The woodworking and related industrial sectors are currently undergoing transformations. Softwoods are rapidly being replaced by hardwoods. It encourages cutting tools and machine makers to begin creating unique hardwood processing solutions. Nonetheless, during hardwood cutting, there is an absence of understanding concerning force prediction and mechanism. Furthermore, the dynamic behaviour of the test rigs (typically excited by the natural wood phenomena) has not been explored in the analyses of high-speed cutting procedures. Previous approaches for disseminating information on hardwood disintegration seldom took into account a larger number of processing factors and material qualities. This study focuses on two main aspects that are currently being debated in the wood research community in regards to bio-based materials disintegration: cutting force measuring technique and cutting force prediction.

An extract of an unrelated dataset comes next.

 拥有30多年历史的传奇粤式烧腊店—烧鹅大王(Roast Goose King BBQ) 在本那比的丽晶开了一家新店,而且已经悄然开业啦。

To enable a precise analysis of woodcutting, a unique technology that simplifies the complexity of wood process observation has been designed. The world’s first apparatus works on the principle of a 4 m diameter rotor arm. As a result, the movement of its end might be thought of as linear. In addition, the rotor arm rotates at a rate of up to 442 RPM. This equates to a tangential cutting velocity of 93 meters per second. The measuring cut is stand-alone — just one cut is made for every test. It eliminates the influence of the previous cut.
The combination of test settings provides a one-of-a-kind opportunity to research wood cutting. At this speed, a stand-alone cut has never been attempted before. In addition, the linearity approximation provides a better understanding of the process. The previous research described the created test rig and used numerous tests to demonstrate its correctness. The inherent frequency of the system is raised due to the rigidity of the setup. For avoiding signal convolution, a demanding dynamic calibration of the measurement chain is employed. The force sensor is an accurate 3D quartz force sensor. A set of sensors, control systems, and safety zones ensure the device’s safety. The cutting force data is adjusted based on the detected uncut chip thickness.

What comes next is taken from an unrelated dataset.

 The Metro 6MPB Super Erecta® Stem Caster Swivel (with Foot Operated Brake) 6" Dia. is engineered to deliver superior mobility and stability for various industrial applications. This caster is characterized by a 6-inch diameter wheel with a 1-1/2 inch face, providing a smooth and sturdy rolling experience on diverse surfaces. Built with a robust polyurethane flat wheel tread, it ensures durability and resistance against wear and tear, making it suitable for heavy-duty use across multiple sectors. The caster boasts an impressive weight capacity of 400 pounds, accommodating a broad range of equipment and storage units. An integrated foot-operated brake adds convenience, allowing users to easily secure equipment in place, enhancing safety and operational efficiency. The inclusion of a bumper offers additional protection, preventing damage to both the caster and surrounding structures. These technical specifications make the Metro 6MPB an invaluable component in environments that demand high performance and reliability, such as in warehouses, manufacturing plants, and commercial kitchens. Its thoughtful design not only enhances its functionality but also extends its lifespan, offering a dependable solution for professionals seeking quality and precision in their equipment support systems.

Carried tests on this device will serve as a precise basis for extending the force prediction cutting model from linear to circular cutting. For process and quality control, this universal mathematical model may be employed as a machine learning model. It contributes to the machine’s long-term viability and service life. The blade, for example, is a component having a finite service life. The cutting force prediction model can help with the creation of a predictive maintenance system and will be useful in the future.